Revista Diálogos do Sul

Tradução:

boffReflexão sobre a conjuntura política brasileira do teólogo e pensador brasileiro Leonardo Boff.

1. No Brasil houve um golpe da burguesia comandada pelo capital financeiro e operado por um esquema do poder judiciário-parlamentar.
2. Há uma crise sistêmica em todo o mundo, pela crise do modo de produção capitalista e seus regimes políticos.
3. A crise brasileira tem um componente geopolítico. Nós somos a sétima economia do mundo, um país populoso e líder da América Latina. É óbvio que houve interesses do capital e do governo estadunidense no golpe perpetrado.
4. A nova política do capital e governo estadunidense foi resumida pelo pensador Moniz Bandeira, recentemente falecido, em:

a) o mundo deve ser controlado por um império;

b) controlar todos os espaços geopolíticos importantes. Lembre-se que os Estados Unidos têm bases militares em todos os continentes e todas com ogivas nucleares.
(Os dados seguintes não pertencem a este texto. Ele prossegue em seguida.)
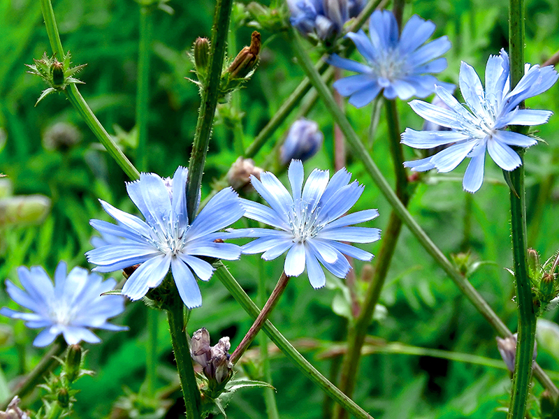 Das durchdringende Himmelblau dieser wilden Zichorienart sticht aus hohen Beeten hervor (Cichorium). Bis mittags, dann schließen sich die Blüten. Für trockene Böden in Gräser-, Natur- und Bauerngärten. mehr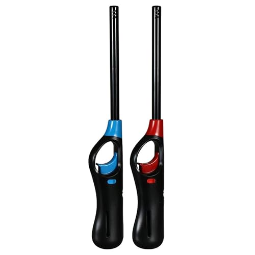 BML Pack of 2 Long Reach BBQ Lighter Refillable Gas Lighter Windproof Adjustable Flame Kitchen Candle Hob Grill Fireplace Camping Lighter with Gas Canister Assorted Colours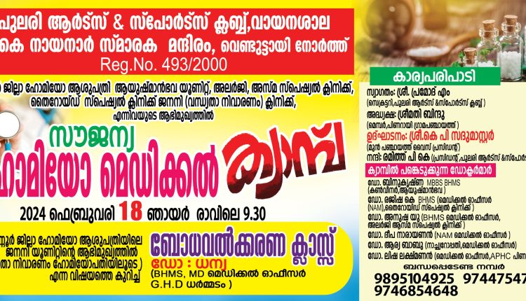 മമ്പറം: വെണ്ടുട്ടായി നോർത്ത് പുലരി ആർട്സ് & സ്പോർട്സ് ക്ലബ്ബ്, വായനശാല , ഇ.കെ.നായനാർ സ്മാരകമന്ദിരം എന്നിവയുടെ സംയുക്താ ഭിമുഖ്യത്തിൽ , കണ്ണൂർ ജില്ല ഹോമിയോപ്പതി ആശുപത്രി ആയുഷ്മാൻ ഭവ യൂണിറ്റ് , അലർജി ആസ്മ സ്പെഷൽ ക്ലിനിക്ക് , ജനനി വന്ധ്യതാ നിവാരണ ക്ലിനിക്ക് എന്നിവയുടെ സഹകരണത്തോടെ 18 ന് ഞായറാഴ്ച രാവിലെ 9.30 മുതൽ പുലരി ക്ലബ്ബിൽ വെച്ച് സൗജന്യ ഹോമിയോ മെഡിക്കൽ ക്യാമ്പ് നടത്തുന്നു.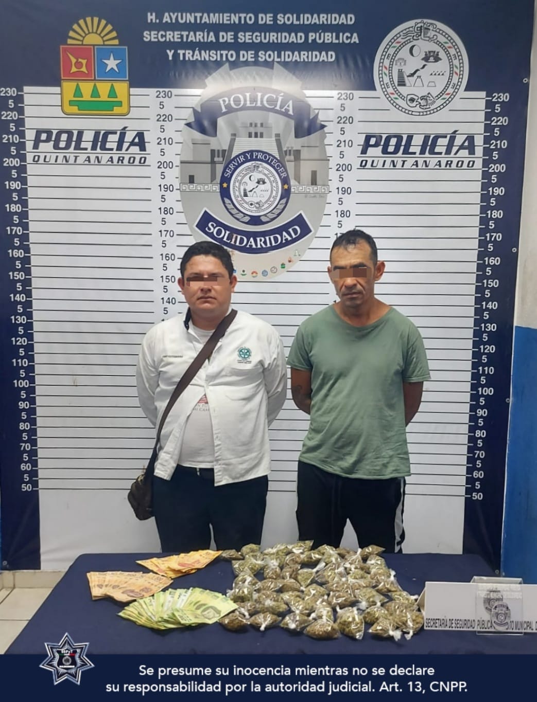 PLAYA DEL CARMEN.- A través del Grupo de Coordinación para la Construcción de Paz y Seguridad en Quintana Roo, se realizó el aseguramiento de dos sujetos en posesión de 53 bolsas con posible marihuana y 20 mil pesos en efectivo cuando pretendían salir del municipio a bordo de un taxi.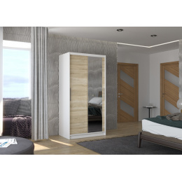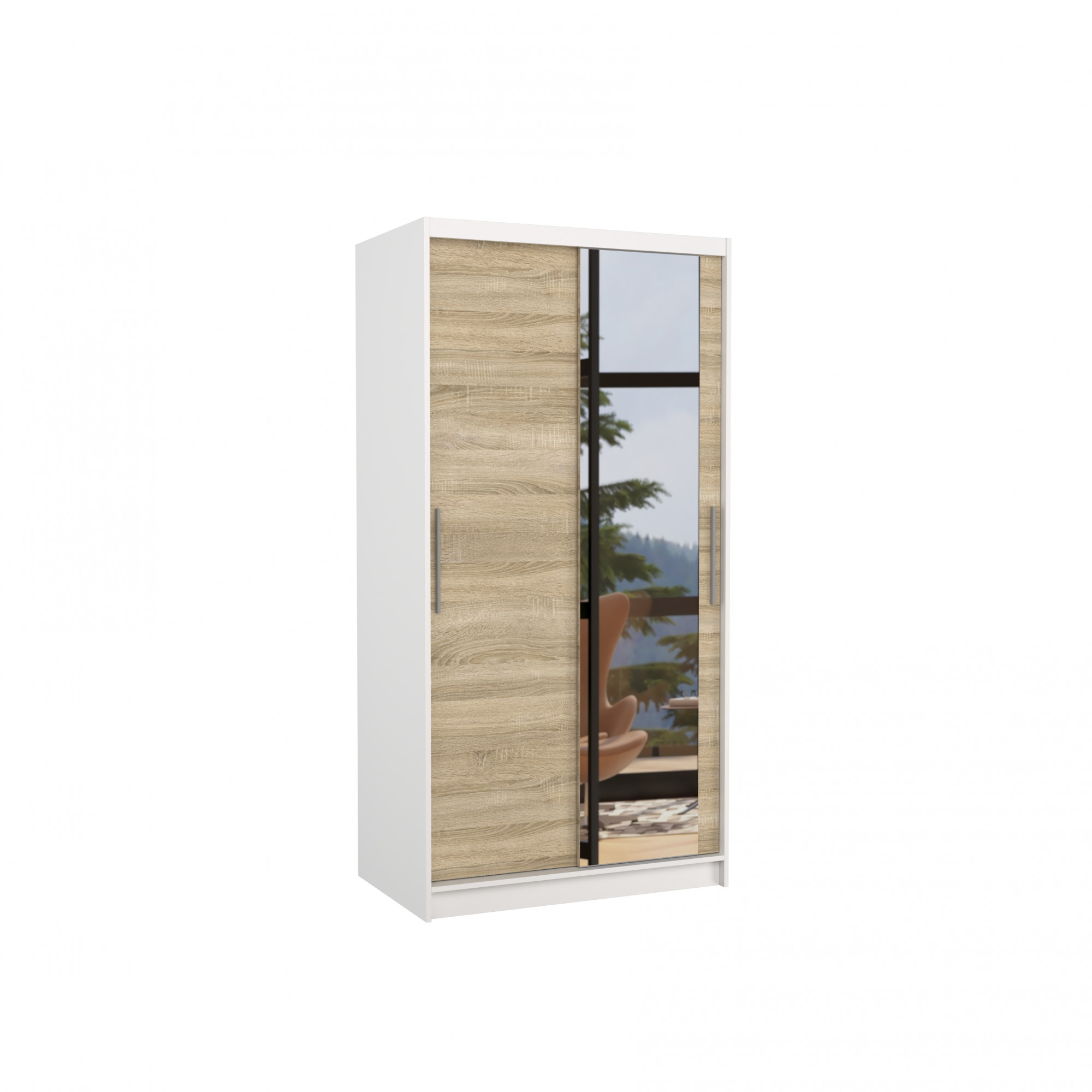 Tolóajtós szekrény tükörrel BAROS 100 Fehér+Sonoma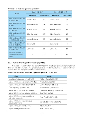 Výbory Národnej rady Slovenskej republiky – prehľad k 31. 12. 2017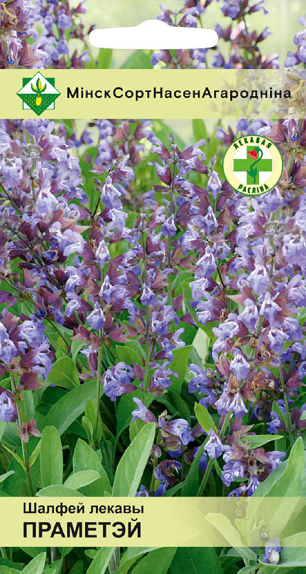 Шалфей лекарственный Прометей 0.2г (Беларусь) - многолетнее лекарственное и декоративное растение высотой 50-70 см. Обладает сильным противовоспалительным и дезинфицирующим действием. Листья применяют при простуде, при воспалении желчного и мочевого пузыря, для полоскания рта и горла. Используют и как приправу. Отличный медонос. Выращивают прямым посевом семян в грунт или рассадой. На одном месте растет 5-6 лет. Для хранения убирают в начале цветения и сушат в тени. На зиму требует легкого укрытия.

c) garantir acesso às riquezas naturais para suas empresas. Como, petróleo, minérios, água, biodiversidade, etc.

d) desestabilizar todos os governos progressistas, não mais com golpes militares, mas usando esquemas mídia + judiciário + parlamento.

e) desmoralizar a política (como direito da maioria decidir) com ações, que aparentemente representem a opinião pública. Que na verdade é a opinião dos ricos.

5. Segundo Joseph Stiglitz (Prêmio Nobel de Economia), o futuro da economia mundial, depende de quem tiver recursos naturais. E o Brasil é número um em recursos naturais entre todos os países.

  1. Repete-se o prognóstico de Nixon: “quem controlar o Brasil controlará a América Latina”.

7. Vivemos um período do capitalismo, que ele transforma tudo em mercadoria, até os sentimentos. Tudo se vende, tudo se compra. E isso é o fim da sociedade civilizatória.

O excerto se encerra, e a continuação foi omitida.